As the results shown in Table 4, we can see that CFDDA has the absolute advantage over all baseline methods with respect to the value of AUPR which reach to 0.539. It is crucial to the model with sparse data. As we above-mentioned, for highly unbalanced datasets, AUPR can provide a more significant evaluation than AUC. AUPR comprehensively considers both real positive rate and false positive rate, so the biased dataset has little effect on it. From Table 5 we can see that AUC of CFDDA is 0.9103 which is a bit lower than the best model MBiRW. The reason may be that our model uses fewer prior auxiliary information by comparison to MBiRW.

3.5 Evaluation on Extra Dataset

In order to make the prediction more convincing, we repeated the above experiment on another dataset. The comparison results are shown in Table 5.

Table 5. Comparison to baselines in the 10-fold cross validation on CDataset

Clearly, we can see that CFDDA has the absolute advantage over all baseline methods with respect to value of AUPR which reaches to 0.5917. It shows that the performance of CFDDA on different datasets is certainly stable.

3.6 Prediction of Novel Drug-Disease Associations

To further validate the prediction ability of CFDDA, we investigate the prediction results of the model and cite the evidence for the discoveries. The prediction scores at top 10 are considered, shown in Table 6. We find that eight out of ten predicted associations to be proved in published literature.
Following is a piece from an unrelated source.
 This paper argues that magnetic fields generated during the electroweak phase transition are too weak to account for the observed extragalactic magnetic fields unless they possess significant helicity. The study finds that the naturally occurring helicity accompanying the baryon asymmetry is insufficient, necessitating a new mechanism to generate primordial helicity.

After retrieval in PubMed, we find that Trihexyphenidyl has been proved to be one of the most useful drugs to treat Parkinson’s disease [23]. In addition, some publications confirmed that Tiagabine is a novel antiepileptic drug that was designed to block gamma-aminobutyric acid uptake by presynaptic neurons and glial cells [24].
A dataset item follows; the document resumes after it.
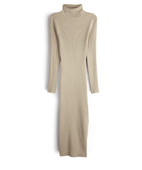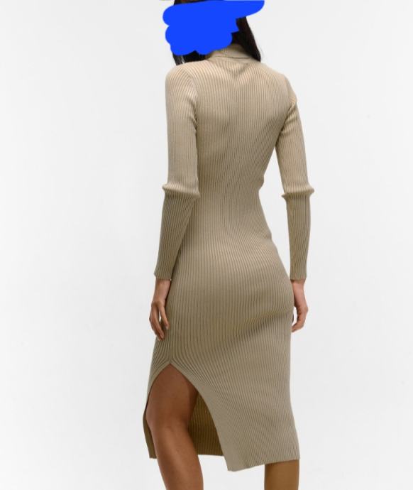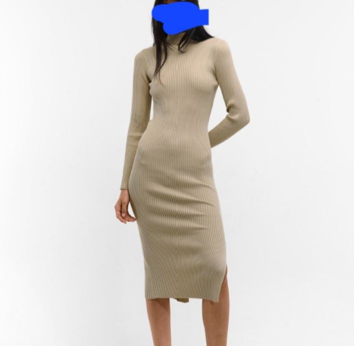Haljina bež, raztezljivi material, dođe uz tijelo.

Table 6. Top 10 drug-disease associations predicted by CFDDA

4 Conclusion

In this paper, we formalized the DDA prediction problem into a CF recommendation task aiming to computational drug repositioning. For the purpose of ranking the association probabilities of drug-disease pairs, we investigated several typical collaborative filtering recommendation methods, such as Matrix Factorization (MF), Neural Collaborative Filtering (NCF), Graph Convolutional Network (GCN). The comparison experiment shows that these CF methods provide unique contribution to the overview prediction performance. Understandably, MFs’ linearity limits the ability of feature representation. Both NCF and GNN-based CF leverage the neural network framework to encode the features of drugs and diseases, but GNN-based models focus more on topological neighbors. Correspondingly, we combined the two CF framework aiming to derive comprehensive feature representation. In addition, the addition of auxiliary information contributes to the improvement of system performance through relieving the cold start problem. The final experimental results show that CFDDA has considerable competitiveness compared with other state-of-the-art methods. Moreover, the predicted recommendation list of drug indications is verified by publicly available literatures.